Problems with reductio proofs: assuming the impossible

By Catarina Dutilh Novaes

(Cross-posted at NewAPPS)

This is a series of posts with sections of the paper on reductio ad absurdum from a dialogical perspective that I am working on right now. This is Part II, here is Part I. In this post I discuss issues in connection with the first step in a reductio argument, that of assuming the impossible.


We can think of a reductio ad absurdum as having three main components, following Proclus’ description:

(i) Assuming the initial hypothesis.
(ii) Leading the hypothesis to absurdity.
(iii) Concluding the contradictory of the initial hypothesis.

I discuss two problems pertaining to (i) in this post, and two problems pertaining to (iii) in the next post. (ii) is not itself unproblematic, and we have seen for example that Maria worries whether the ‘usual’ rules for reasoning still apply once we’ve entered the impossible world established by (i). Moreover, the problematic status of (i) arises to a great extent from its perceived pragmatic conflict with (ii). But the focus will be on issues arising in connection with (i) and (iii).

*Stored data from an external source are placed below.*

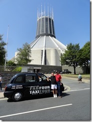 We had seen the “Fab Four Taxi Tour” cabs on the streets of Liverpool and found one outside the train station when we returned from Chester. We decided that the price was reasonable (well, not reasonable, but not outrageous) so we decided to take the tour and learn as much Beatles history as possible. It was well worth the price and a great tour. It is hard to believe in fate, karma or predestination, but you have to wonder how three boys with such tremendous talent managed to meet in an industrial town not at all known for music in the late 50”s and turn the music world on its head.
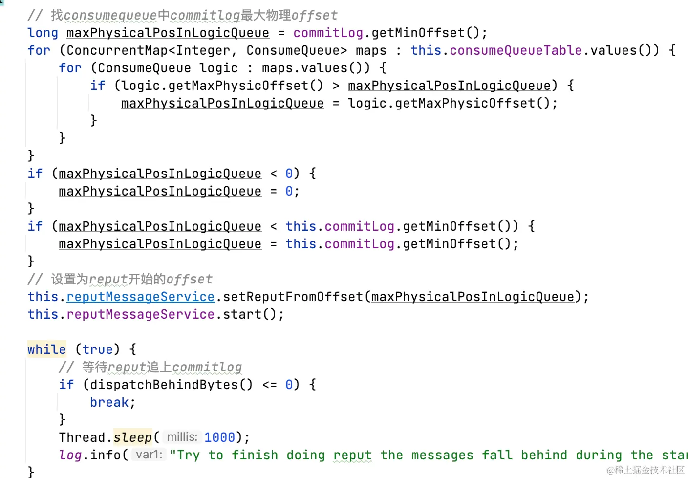 等待reput进度追上commitlog最大物理offset,main线程才继续执行。
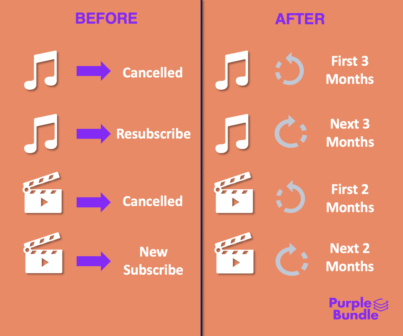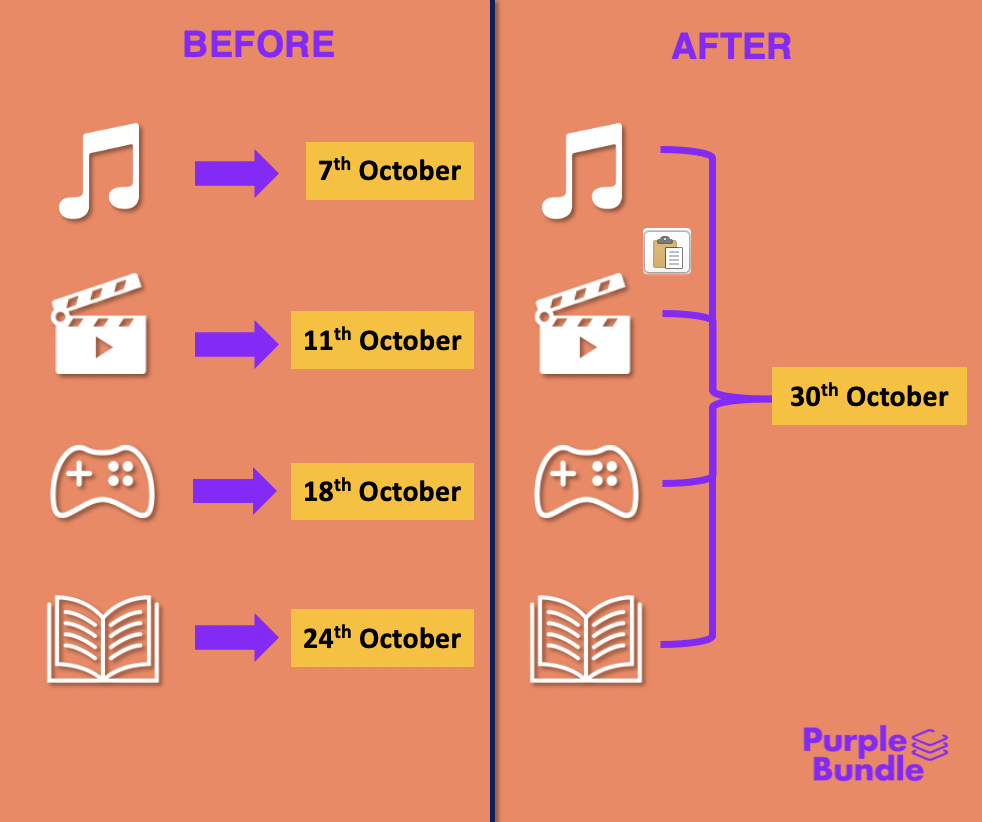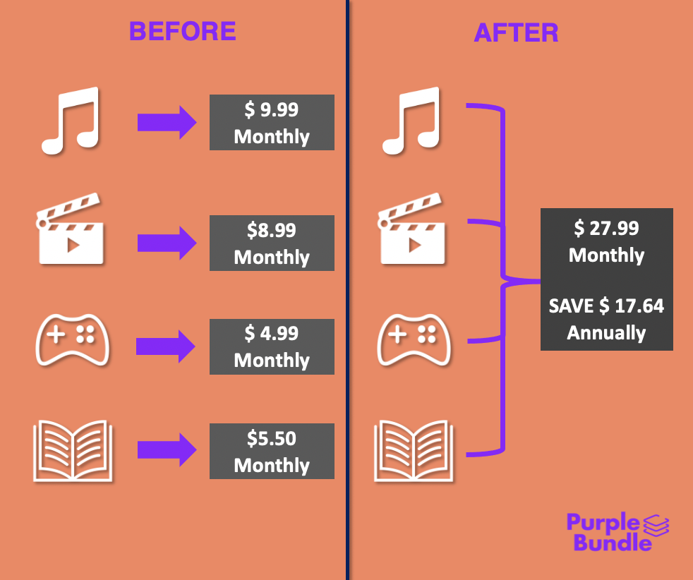 Imagine you can do this with your subscription plan: 1. Pay all in a single payment transaction. 2. Only remember one due date. 3. Unsubscribe whenever you like it. 4. Shop for new subscription plans. 5. Explore free trials products or Free forever. 6. Importantly, save you money. Thats what Purplubundle does.
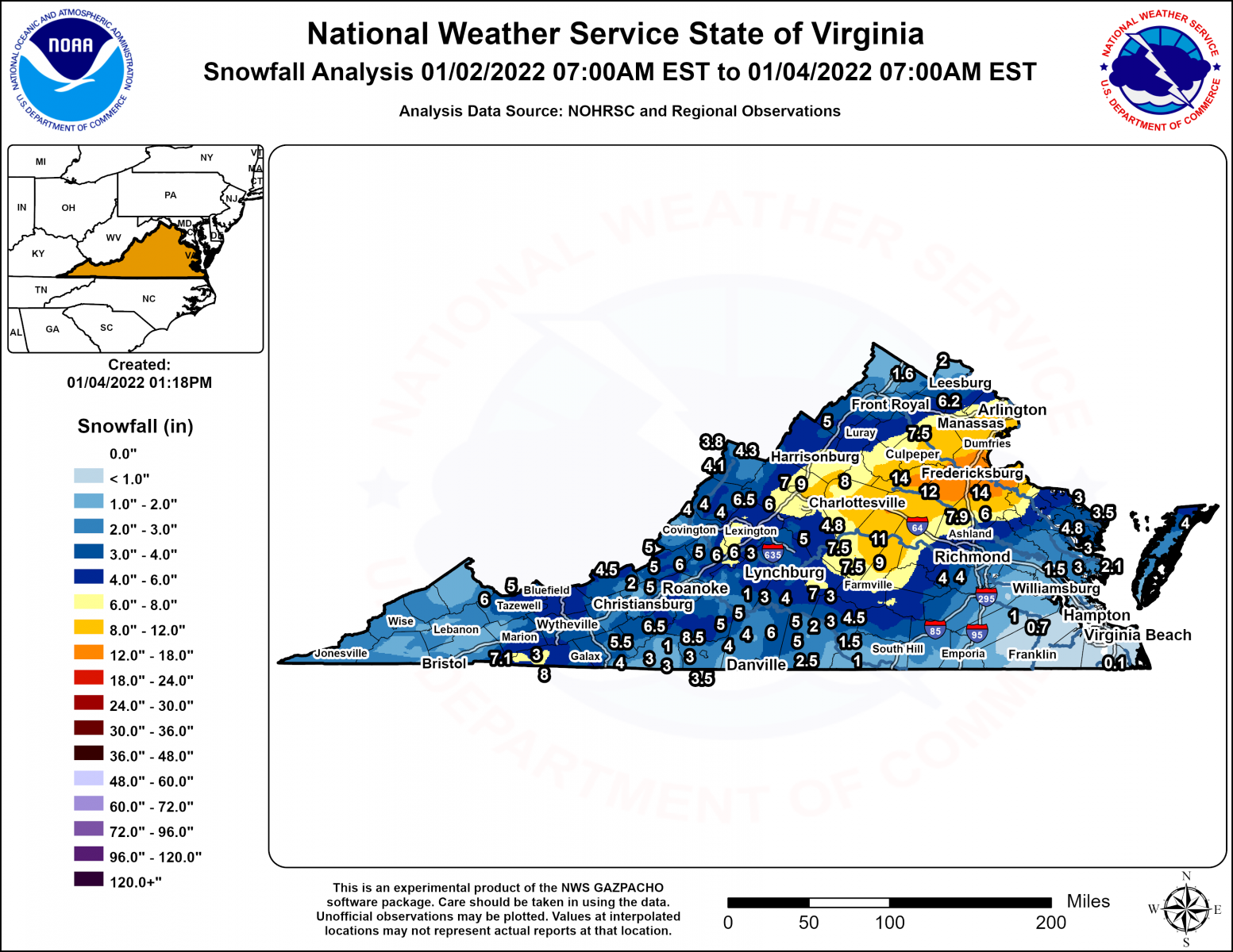 The most dangerous winter weather systems for Virginia, which can produce major amounts of snow and ice, are strong coastal low pressure systems known as nor'easters. These types of storms can impact the region a couple times a season and when the temperatures are cold enough, these types of storms can produce big snowfall events. For example, the winter storm of January 3, 2022, was a high-impact event that affected a large portion of Virginia. Temperatures were in the 60s across much of the Commonwealth before snow began falling during the early morning hours of January 3rd. Snow continued through much of the day with rates of 1 to 2+ inches per hour for several hours during the peak of the storm. This allowed snow to quickly accumulate on all area roadways, including on I-95. A widespread 8 to 14 inches of heavy, wet snow fell across the central Virginia Piedmont, Northern Neck, and into portions of Northern Virginia. 3 to 6 inches fell in most of the Richmond Metro area, with little to no snow across southeast portions of the Commonwealth.

A reductio proof starts with the assumption of precisely that which we want to prove is impossible (or false). As we’ve seen, this seems to create a feeling of cognitive dissonance in (some) reasoners: “I do not know what is true and what I pretend [to be] true.” (Maria) This may seem surprising at first sight: don’t we all regularly reason on the basis of false propositions, such as in counterfactual reasoning? (“If I had eaten a proper meal earlier today, I wouldn’t be so damn hungry now!”) However, as a matter of fact, there is considerable empirical evidence suggesting that dissociating one’s beliefs from reasoning is a very complex task, cognitively speaking (to ‘pretend that something is true’, in Maria’s terms). The belief bias literature, for example, has amply demonstrated the effect of belief on reasoning, even when participants are told to focus only on the connections between premises and conclusions. Moreover, empirical studies of reasoning behavior among adults with low to no schooling show their reluctance to reason with premises of which they have no knowledge (Harris 2000; Dutilh Novaes 2013). From this perspective, reasoning on the basis of hypotheses or suppositions may well be something that requires some sort of training (e.g. schooling) to be mastered.

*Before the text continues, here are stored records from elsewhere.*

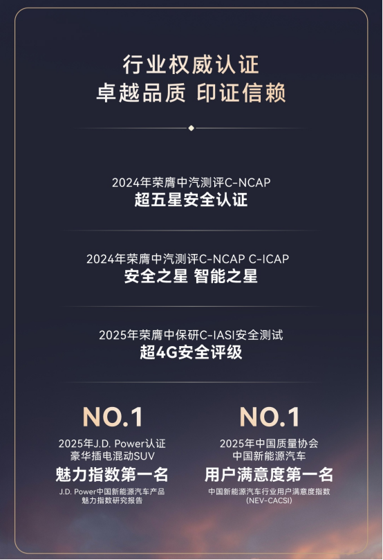 两年来,问界M9不仅赢得了市场,更获得了用户的高度认可。在杰兰路2024下半年-2025上半年新能源汽车品牌健康度研究中,问界M9连续两期获得新能源全车型用户净推荐值第一。此外,在中国质量协会发布的2025年中国新能源汽车行业用户满意度指数评测结果中,问界M9荣获第一名,并在J.D. Power 魅力指数榜单中位列豪华插电混动SUV第一……这一系列殊荣,共同印证了这款现象级产品在新能源豪华车市场的领先实力,展现独特的标杆魅力。
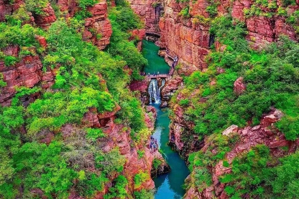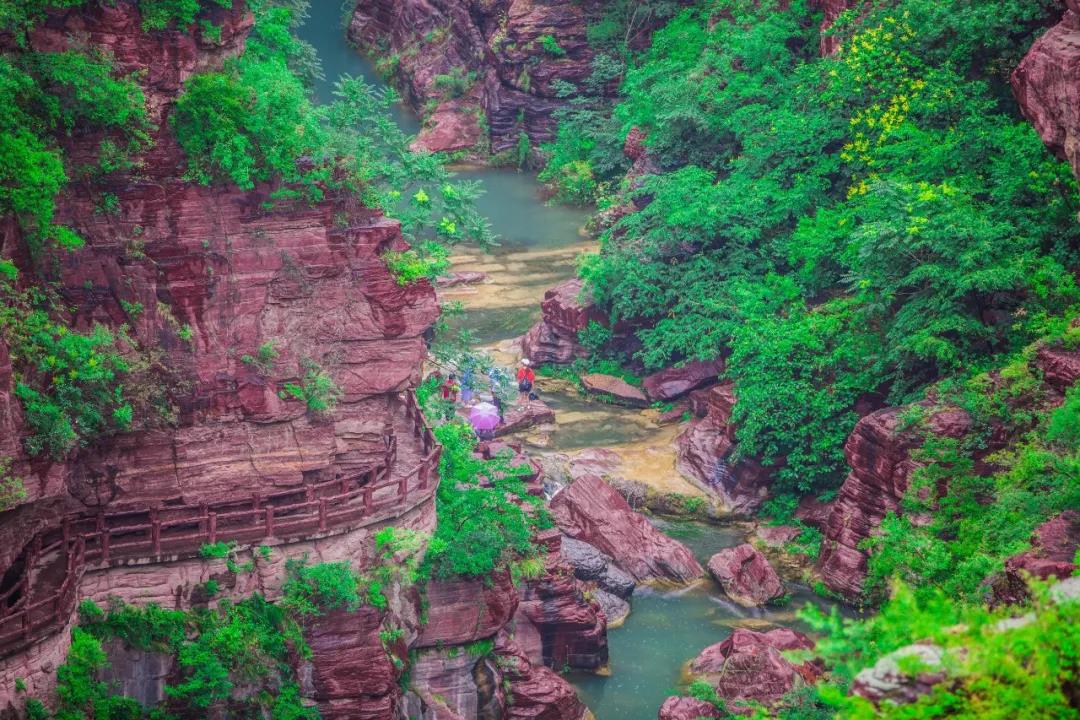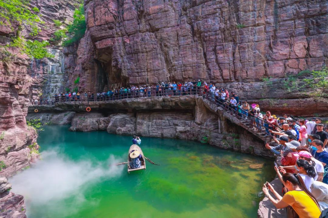 夏日的紅石峽,外曠內(nèi)幽,碧潭盈盈。深藏于地下68米的盆景峽谷,清涼宜人;谷內(nèi)遍布億萬年以上的地質(zhì)遺跡,堪稱一部渾然天成的“地質(zhì)奇書”。在秀美的云臺(tái)山水間,游客們被這里的美景所吸引,紛紛拍照留念。
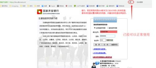 这里以国家开发银行助学贷款信息网为例,该网站只能用IE浏览器才能正常登录使用,当我们用极速模式点击进入登录的时候会弹出不能使用的提示
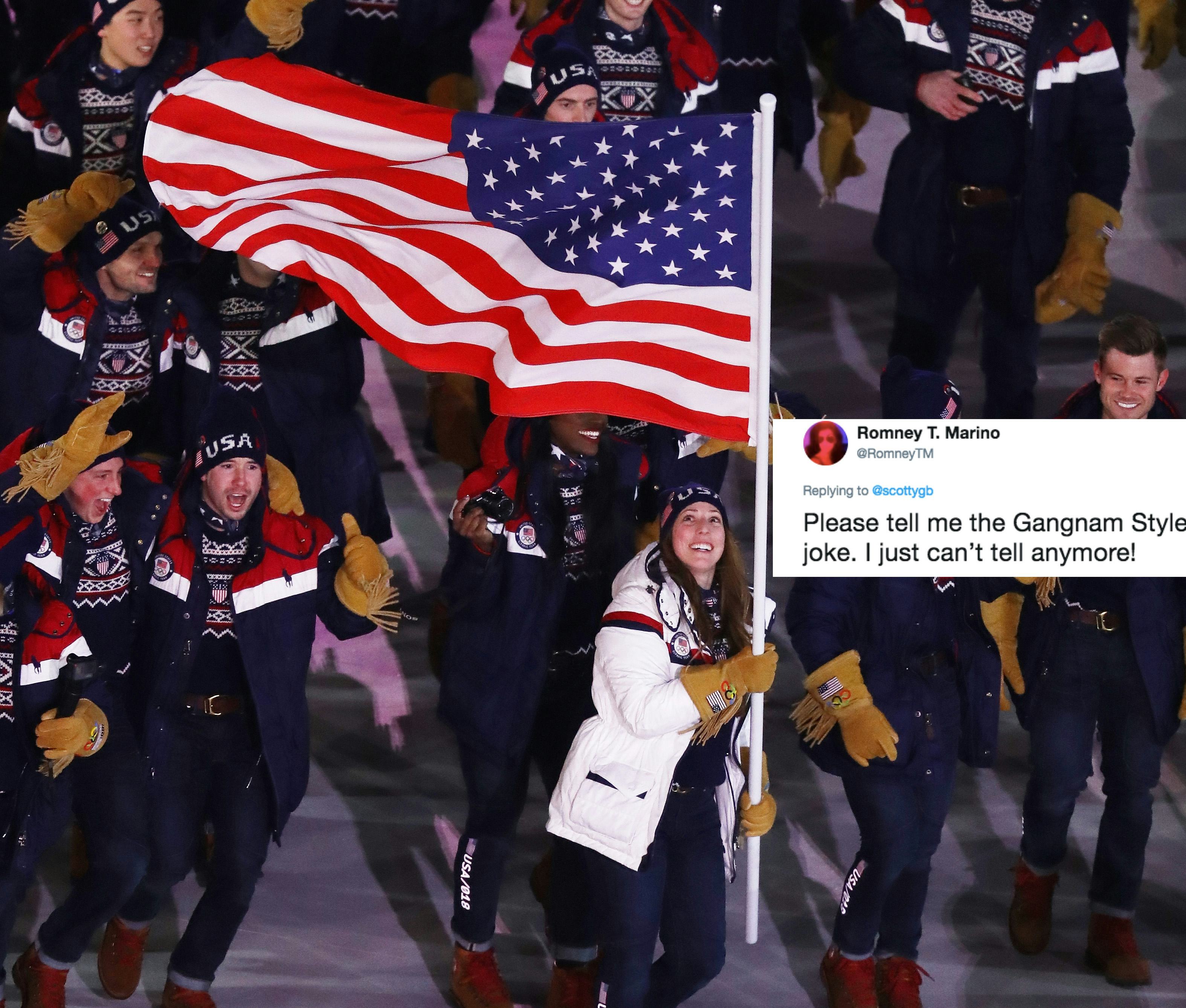 For the uninformed, the Winter Olympics opening ceremony is literally about kicking things off for the games, but because there's also a parade of all of the Olympic teams from every participating country, there's quite a bit of fanfare too, including music to keep them all moving. The tweets about "Gangnam Style" at the opening ceremony, however, show how divided viewers were about the former hit song playing as the United States team walked in.
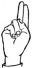 На ћирилици написано ИСИДОРА БЕКОЊА састоји се из 13 слова [?]. Исписано ћириличном једноручном азбуком за глувонеме:

For our purposes, it may be useful to distinguish a number of different cases involving reasoning with false or impossible hypotheses:
  • The hypothesis may be false or impossible, without me in fact knowing that it is false or impossible (indeed, I may be in the process of investigating precisely that).
  • The hypothesis may be false or impossible, and I know it to be false or impossible, but I want to see what would be the case if it were true (counterfactual reasoning).
  • The hypothesis may be false or impossible, I know it to be false or impossible, and I am assuming it precisely with the goal of showing it to be false or impossible (a reductio argument).
In the narrow sense adopted here, only the last case counts as true reductios ad absurdum. My claim is that, while the first and even the second cases describe cognitive activities that human beings regularly engage in, also outside circles of specialists, the third case introduces a much stronger component of pragmatic awkwardness: to assume something precisely with the goal of showing it to be false. In Leron’s terms (cited in the previous post), this corresponds to the act of postulating a false/impossible world only to proceed to ‘destroy’ it (show it to be false/impossible). Maria describes it as telling herself a ‘lie’ and having to believe it.

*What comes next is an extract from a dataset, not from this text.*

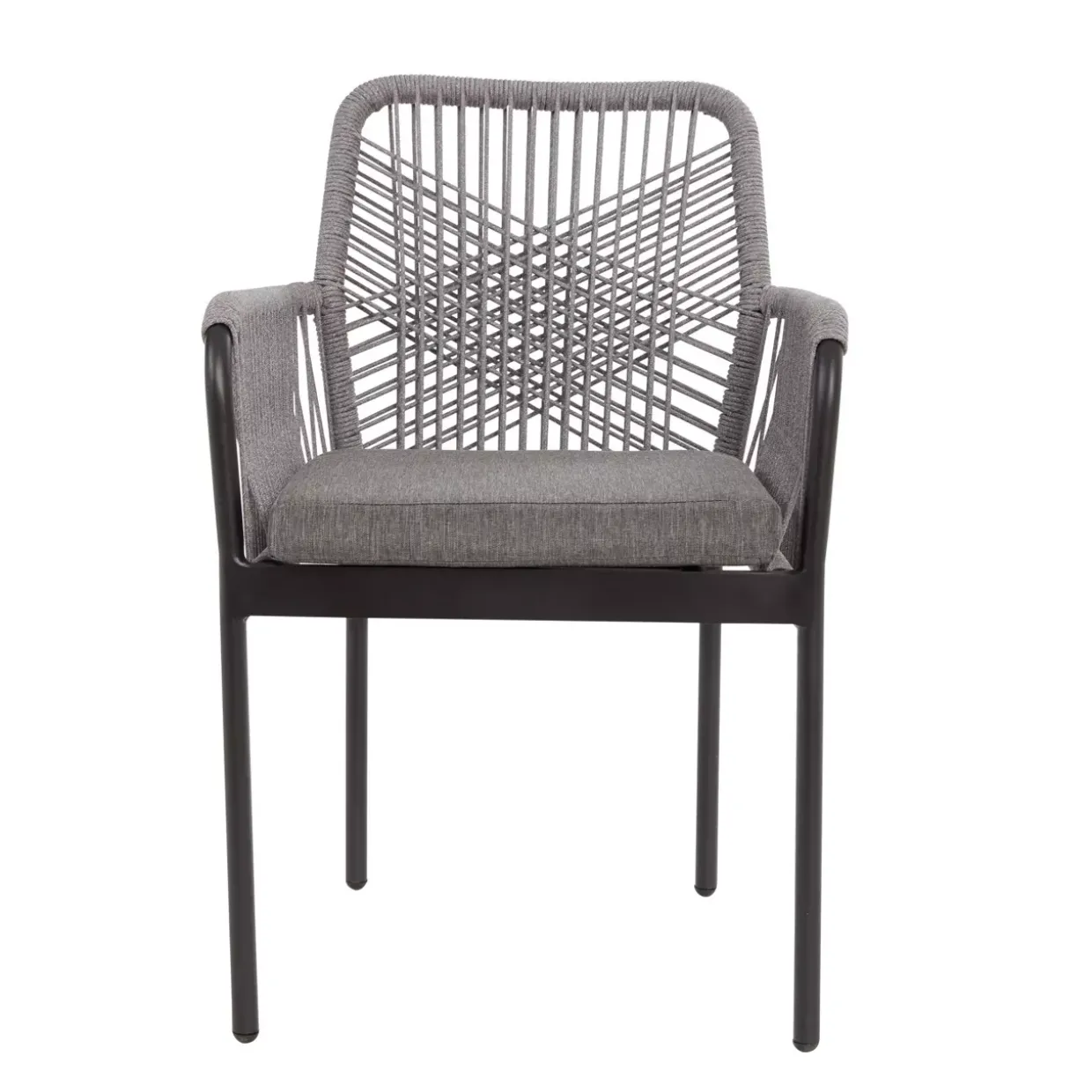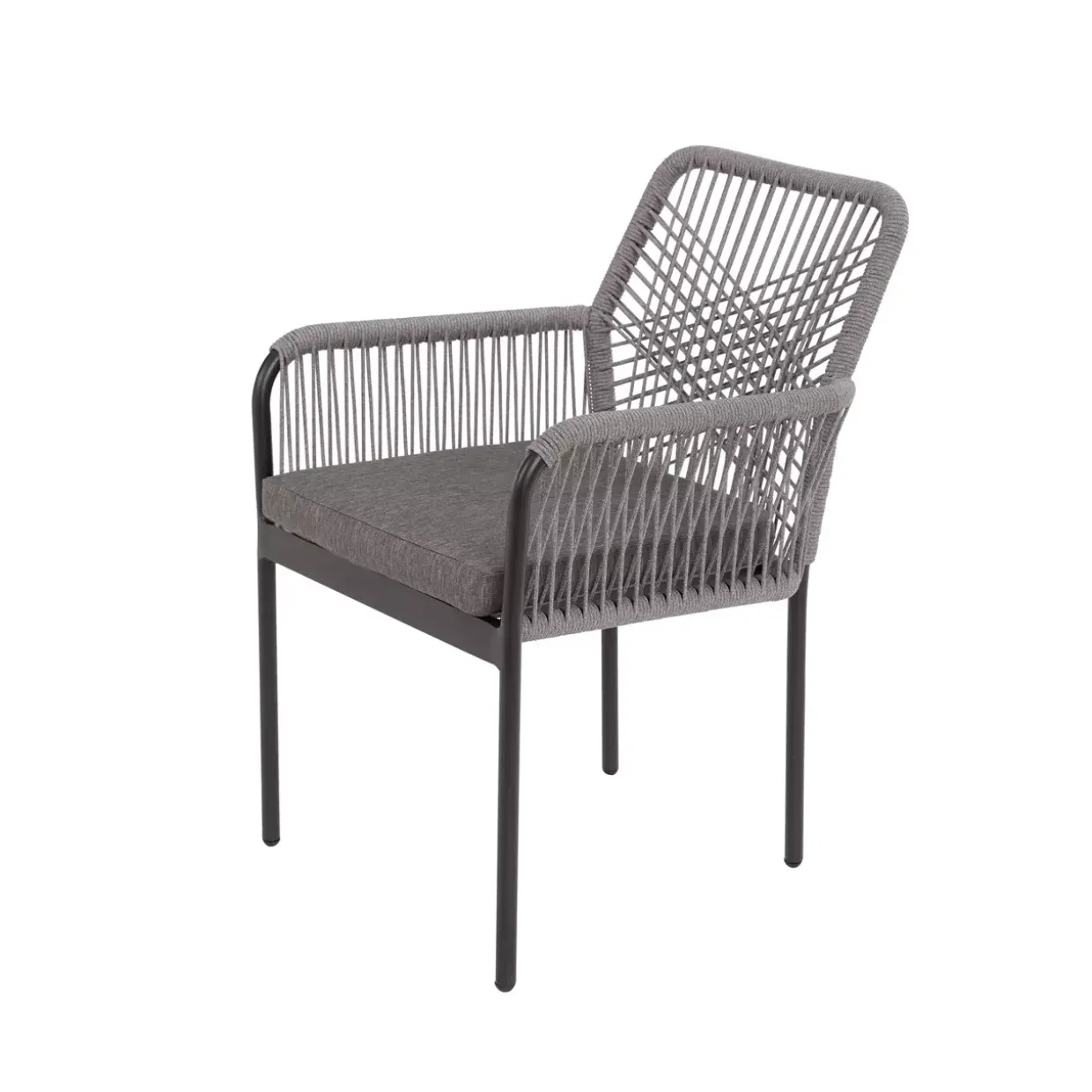 grau; Esszimmerstuhl mit Seilgeflecht; Gestell: Alu-Rohr, anthrazit; Seilgeflecht, grau RT-158-5; mit Sitzkissen 5 cm, grau GC015;

Perhaps this pragmatic awkwardness arises only due to a reasoner’s failure to appreciate the difference between a categorical assertion and an assumption/hypothesis. Indeed, in the examples typically offered to illustrate the purported pervasiveness of reductio arguments ‘in the wild’, one usually encounters arguments formulated as a conditional or hypothetical sentence (“If he gets here in time for supper, he'll have to fly like Superman”). However, the conventions for the formulation of a reductio proof in mathematics do not display this general structure perspicuously. Usually, such proofs start with ‘Suppose that A’; now, while the ‘Suppose that…’ operator should function in much the same way, judging from Maria’s and Fabio’s reports it seems that reasoners feel they must truly commit to the truth of the initial hypothesis while leading it towards absurdity. In effect, this is precisely what seems to be so cognitively demanding: the conflicting roles of ‘pretending’ to believe the hypothesis and of working towards its very destruction.

The distinction between the initial assumption being merely false or else impossible is also worth discussing in some detail. On most theories of (mental) propositional attitudes, having an attitude towards a false proposition is for the most part unproblematic: false propositions are much as true propositions in terms of their semantics (spelled out in e.g. truth-conditional terms, or use-based accounts, or what have you). Just as I can believe something that is false, I should be able to suppose, i.e. entertain the possibility of, something that is false (even if I know it to be false, which is not compatible with belief).

But matters become considerably more delicate once we are dealing with impossible propositions. While it is not necessarily the case that every reductio argument will start by assuming an impossibility, this is indeed what happens in many paradigmatic cases – certainly if we accept that mathematical truths are necessary truths, and thus mathematical falsities are necessary falsities, i.e. impossibilities. In the Tractatus, Wittgenstein (in)famously claimed that impossibility cannot be expressed, as it cannot be depicted; impossible thoughts cannot be conceived, and impossible propositions cannot be meaningfully formulated. Even though most of us have surely outgrown the Tractarian conception of propositions, we still seem to be stuck with the problem of providing a satisfactory philosophical account of impossible thoughts. As well put by Jago:
Impossible thoughts might appear nothing more than a quirky feature of the way we can meaningfully represent the world around us. It may come as something of a surprise, therefore, to learn that just about every major philosophical theory of content and meaning is unable to account for impossible thoughts. Moreover, a wide variety of philosophical views converge in a kind of pressure group against the existence of impossible thoughts. (Jago 2014, 3)
Jago then goes on to detail how and why different philosophical frameworks fail miserably to account for impossible thoughts and impossible content. What is particularly unsatisfying is that these frameworks (including the Tractarian framework) tend to treat all impossible thoughts/propositions as having the same content: in possible world semantics, for example, all impossible propositions have the same meaning, namely they correspond to the empty set (the domain being the collection of all possible worlds). But the initial assumptions of reductio proofs in mathematics surely do not all have the same content! If they did, each such reductio proof would be essentially identical to all others, and this is obviously an undesirable result.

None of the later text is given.